» **WHAT THIS TASK INVOLVES**:
Repeat word for word the lines from the one containing "Elegant Swirl Circle" to the end of the material below, and leave all pictures out.

» **DATASET EXTRACT**:
※
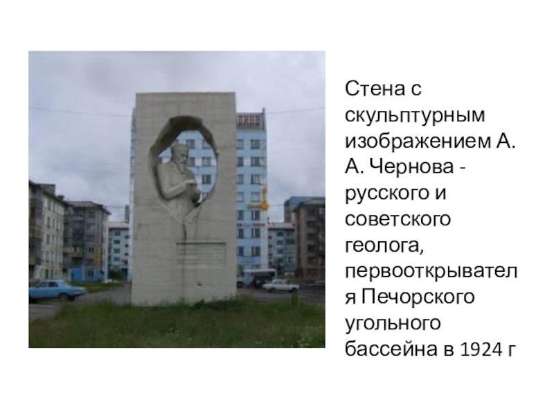 Слайд 3Стена с скульптурным изображением А.А. Чернова - русского и советского геолога,
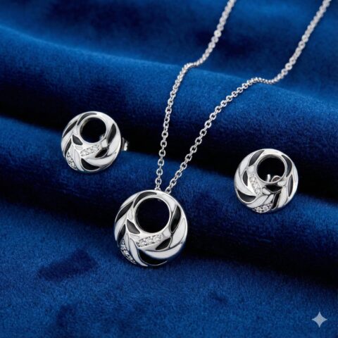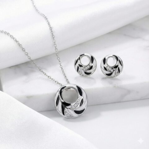 Elegant Swirl Circle 925 Sterling Silver CZ Pendant Necklace & Stud Earrings Set
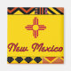 Imagem de excelente apresentando o padrão nativo americano em segundo plano com o texto Novo México e ou Papais noeis Fe. Incluído o selo do Estado do Novo México.
※
» **EXERCISE OUTPUT**:
 Elegant Swirl Circle 925 Sterling Silver CZ Pendant Necklace & Stud Earrings Set
 Imagem de excelente apresentando o padrão nativo americano em segundo plano com o texto Novo México e ou Papais noeis Fe. Incluído o selo do Estado do Novo México.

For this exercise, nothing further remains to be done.